There could be situations when you need a way to check if the current term in a Bricks Terms query loop has children or not.
This Pro tutorial shows how.
Sample query loop:


Step 1
Add the following in child theme‘s functions.php (w/o the opening PHP tag) or a code snippets plugin:
<?php
// Function to check if the current term (in a Terms query loop) of the given taxonomy has children
function bl_current_loop_term_has_children( $taxonomy = 'category' ) {
$term_children = get_term_children( BricksQuery::get_loop_object_id(), $taxonomy );
return count( $term_children ) > 0;
}
Step 2
Whitelist the bl_current_loop_term_has_children function.
Ex.:
<?php
add_filter( 'bricks/code/echo_function_names', function() {
return [
'bl_current_loop_term_has_children'
];
} );
You should also add any other functions (native or custom) being used in your Bricks instance in addition to bl_current_loop_term_has_children. This can be checked at Bricks → Settings → Custom code by clicking the Code review button.
More info on whitelisting can be found here.
Step 3
You can now use the dynamic data tag:
{echo:bl_current_loop_term_has_children(service-type)}
where service-type is the taxonomy key/ID.

If the taxonomy is category, then there’s no need to supply the argument.

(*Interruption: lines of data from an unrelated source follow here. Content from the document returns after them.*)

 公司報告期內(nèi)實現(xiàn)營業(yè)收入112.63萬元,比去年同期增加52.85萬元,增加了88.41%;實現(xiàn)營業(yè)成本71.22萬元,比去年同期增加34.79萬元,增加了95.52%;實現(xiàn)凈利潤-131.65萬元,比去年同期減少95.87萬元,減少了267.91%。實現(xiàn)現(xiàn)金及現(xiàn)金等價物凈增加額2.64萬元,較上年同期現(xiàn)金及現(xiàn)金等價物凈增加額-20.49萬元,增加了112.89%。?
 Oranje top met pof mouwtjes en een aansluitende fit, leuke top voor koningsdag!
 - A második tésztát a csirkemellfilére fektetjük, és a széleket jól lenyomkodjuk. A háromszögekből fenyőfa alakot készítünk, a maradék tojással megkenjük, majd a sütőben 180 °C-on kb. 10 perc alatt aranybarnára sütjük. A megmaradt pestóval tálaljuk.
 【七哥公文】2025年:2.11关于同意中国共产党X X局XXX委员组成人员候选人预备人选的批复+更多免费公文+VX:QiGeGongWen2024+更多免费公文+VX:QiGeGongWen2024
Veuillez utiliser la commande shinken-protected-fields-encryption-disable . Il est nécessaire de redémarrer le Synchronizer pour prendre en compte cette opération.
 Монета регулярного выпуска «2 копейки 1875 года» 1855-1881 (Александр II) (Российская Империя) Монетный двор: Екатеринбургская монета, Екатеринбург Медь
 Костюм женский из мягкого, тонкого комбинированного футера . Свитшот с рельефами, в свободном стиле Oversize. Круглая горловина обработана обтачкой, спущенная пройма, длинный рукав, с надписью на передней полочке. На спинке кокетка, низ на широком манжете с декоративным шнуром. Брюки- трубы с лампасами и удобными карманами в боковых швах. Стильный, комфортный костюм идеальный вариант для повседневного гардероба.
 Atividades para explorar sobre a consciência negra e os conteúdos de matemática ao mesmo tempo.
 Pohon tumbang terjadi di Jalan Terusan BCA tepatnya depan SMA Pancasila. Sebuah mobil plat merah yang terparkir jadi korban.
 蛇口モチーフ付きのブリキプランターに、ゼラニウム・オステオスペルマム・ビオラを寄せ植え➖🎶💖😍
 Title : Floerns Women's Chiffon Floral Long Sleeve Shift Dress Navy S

{echo:bl_current_loop_term_has_children}
Note: This condition will not work for the query-loop enabled element. It will only work for any element that is inside the query loop. Therefore, if you are looking to output only the terms that have at least 1 child term you should group all the elements inside the query loop in a Container and apply the condition on that Container.